How’d we do it? Candace led a Bark-About to the Bear Springs Timber Sale and joined other trained groundtruthers to reach remote forest targeted by the sale. As a result, we found major discrepancies between the Forest Service’s description of the sale and what was actually happening on the ground. Things like “hey there’s a ditch, stream and wetland here that aren’t on the timber sale maps” or “gosh, the Forest Service thinks there’s a road here, but there isn’t” and “Woah! There’s a bear over there!” All of these observations helped us to make comments and legal claims to the Forest Service that ultimately resulted in the withdrawal of the timber sale.
You can help make more victories like this one possible by becoming a groundtruther too! Click here to learn about upcoming groundtruthing trainings and RSVP to learn the skills that make Candace so awesome.
Bark Bites
What makes the Collawash Watershed so special?
A watershed is an area of land in which rain collects and drains into the same creek or river. In Mt. Hood National Forest there are 15 major watersheds, all with unique characteristics. One watershed that is special to us is the Collawash. If you’ve ever been to Bagby Hot Springs, then you’ve been in the Collawash Watershed, but Bagby is just one of the features that make this watershed so special.
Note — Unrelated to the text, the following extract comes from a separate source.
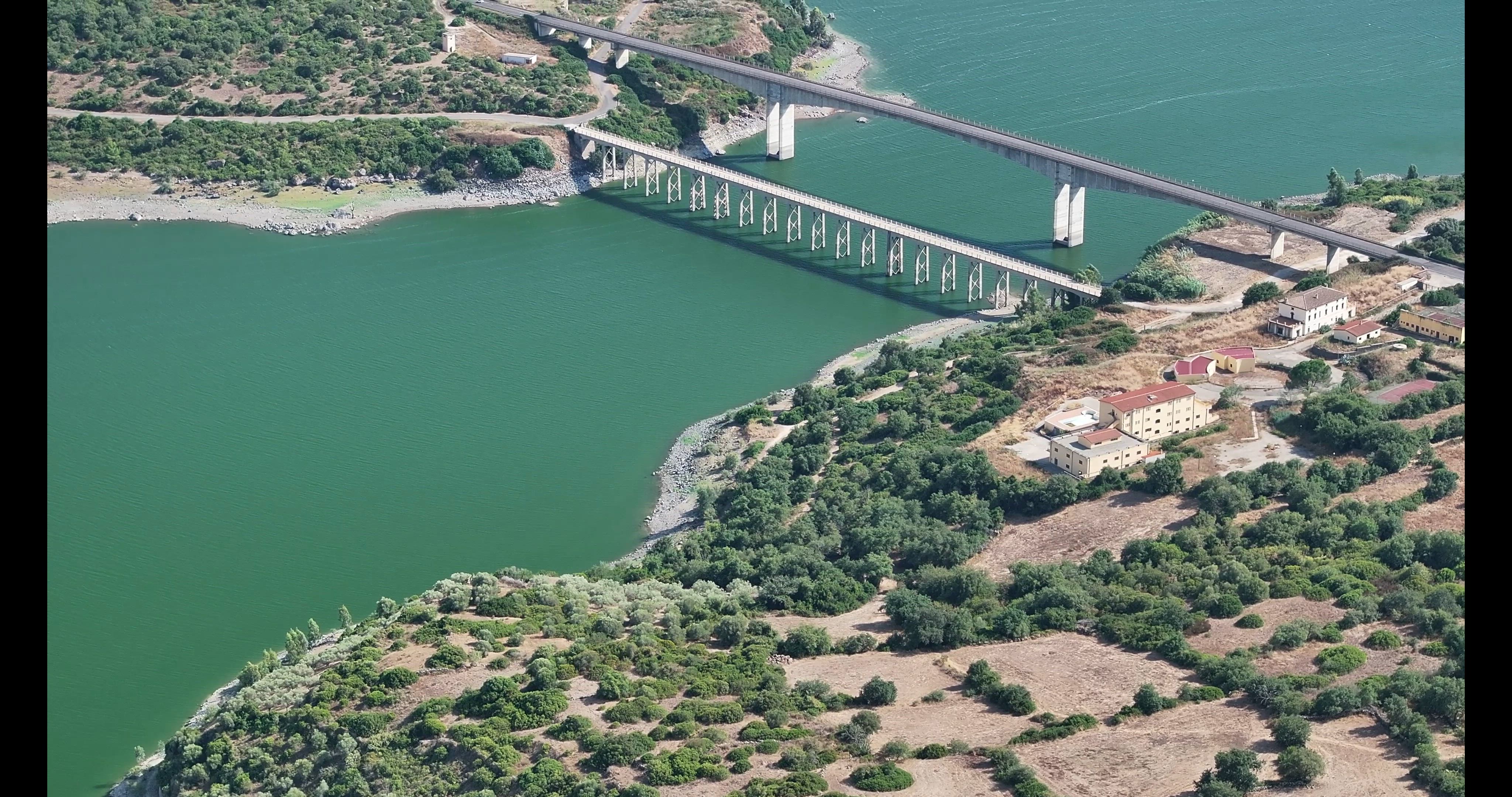 DJI Mavic 3 pro - Lake Omodeo, province of Oristano, in the historical subregion of Barigadu. Lake Omodeo (in Sardinian Lagu Omodeu) is an artificial lake in Sardinia. It is located in the province of Oristano, in the historical subregion of Barigadu. It is formed by the damming of the Tirso river by the Santa Chiara dam first and by the more recent Eleonora d'Arborea dam, located respectively in the territory of Ula Tirso and Busachi. The reservoir is named after Angelo Omodeo, the engineer who oversaw the design of the first dam, which remains partially submerged by the waters of the new reservoir. The first artificial basin was created with the construction of the Santa Chiara dam, near Ula Tirso, which was completed in 1924, and inaugurated on April 28 of the same year in the presence of King Vittorio Emanuele III, creating the largest artificial lake in Europe, which had a maximum capacity of 403 million cubic meters of water. The Eleonora d'Arborea Dam The works for its construction were part of a larger project, which also included the reclamation of the Oristano plain. 16,000 workers were employed to carry out the project drawn up by the engineer Angelo Omodeo, who also participated in the construction of the large dams on the Nile. The construction was completed in five years, under the direction of the engineer Giulio Dolcetta. More than 22 km long, the basin was built in order to regulate the flooding of the river, produce electricity and for the irrigation of the Campidano plain of Oristano. The creation of the artificial basin also caused the submersion of some archaeological sites (nuraghi, giants' tombs, and the pre-Nuragic settlement of Serra Linta) and the small village of Zuri, which was rebuilt on a hill not far from the lake. Even the ancient church of the village, dedicated to St. Peter the Apostle, was dismantled stone by stone and rebuilt upstream, in its current position. On February 2, 1941, the dam was attacked with torpedoes by planes taking off from the British aircraft carrier HMS Ark Royal. In 1997, the new dam, named after Eleonora d'Arborea, was inaugurated. The barrier is 100 meters high and 582 meters long. The total volume of the reservoir is equal to 792 million cubic meters of water, covering a surface area of 29,370 km². Invia commenti Riquadri laterali Cronologia Salvate

The Collawash Watershed is formed by steep slopes of lava rock, that are resistant to weathering, with a top layer of mineral clay soils that easily erode. As a result, this watershed contains some of the most geologically unstable terrain in the Mt. Hood National Forest. Now consider the 423 miles of roads and the proposed 2,000-acre Jazz Timber Sale in the watershed and think about how these human-made features interact with steep slopes, unstable soil deposits and important water drainages. The Collawash Watershed is a beautiful area, but if logging continues to take precedence over watershed health how long will that beauty last?